MLB The Show - This is the yearly game released by Sony and aims to give a simulation of MLB action (to varying degrees of success). It has a good number of modes, with the ability to play as real-life players, create your own player to play as, or play as a GM/Manager of an MLB team. I’ve been trying to rebuild the Orioles in The Show 21 and it’s a fun and tough challenge. The Show is available to purchase on both Xbox and Playstation consoles.

Out of the Park Baseball - OOTP differs from MLB The Show in that it puts more emphasis in management both from the front office and the dugout. I haven’t played it personally, but its systems seem more in-depth than the GM mode in The Show and its a fun simulator to try out different baseball strategies. OOTP 22 is currently available for PC and is $20 on the Steam marketplace at the time of writing.

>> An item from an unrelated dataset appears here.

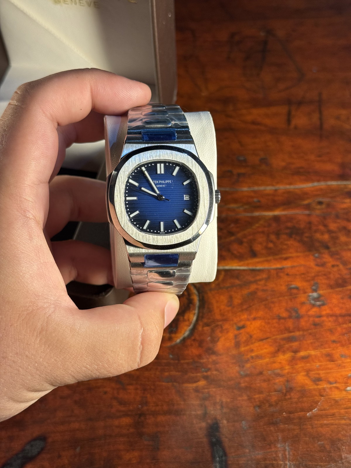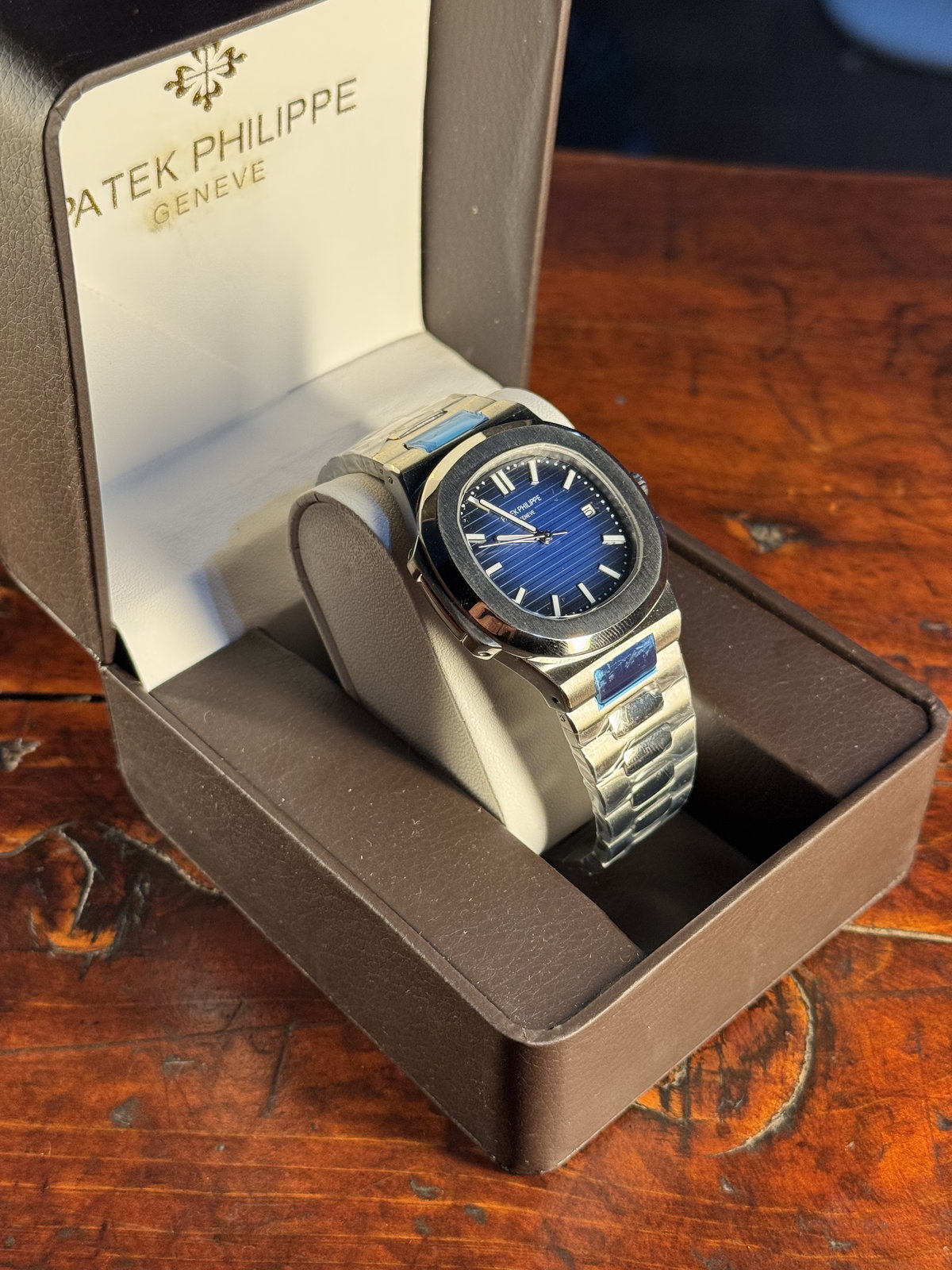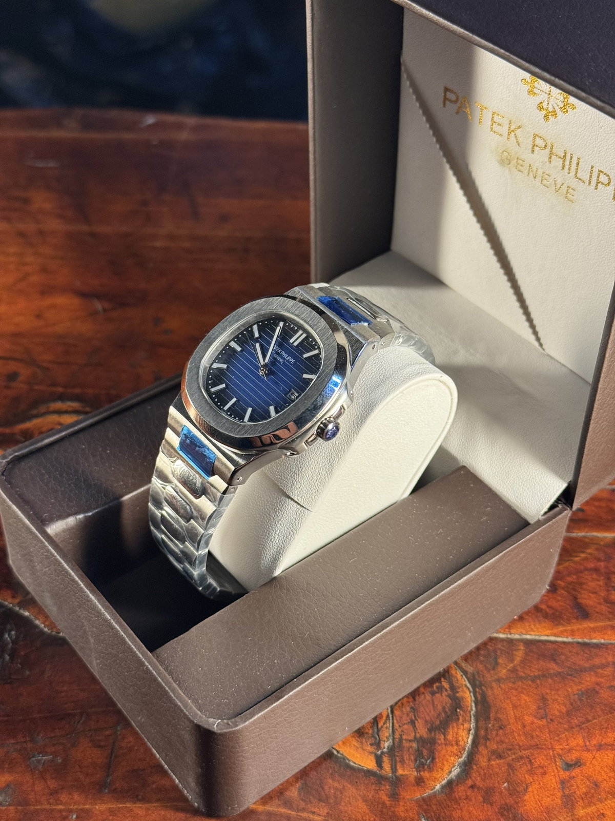 Patek Philippe Nautilus Azul ACERO 904L-Cristal Zafiro-Automatico-AAA + Estuche

Strat-o-matic Baseball - Strat-o-matic is THE baseball board game and is featured in the baseball Hall of Fame. This one can get expensive year-to-year if you want to keep the game up-to-date with current players, as new card packs come out yearly for current rosters. However, the game does its best to replicate realistic statistics from each player involved and by reviews I’ve seen is pretty accurate if the game is played over a full simulated season. My experience with this game is pretty limited, but it’s typically been well-received by the intended audience and seems like a baseball fanatic’s dream.


That’s the last of my recommendations. Hopefully, it’ll get us all through the lockout (and hopefully to Opening Day). If you have any additional recommendations, drop them in the comments so that we all can benefit, and Merry Christmas to everyone!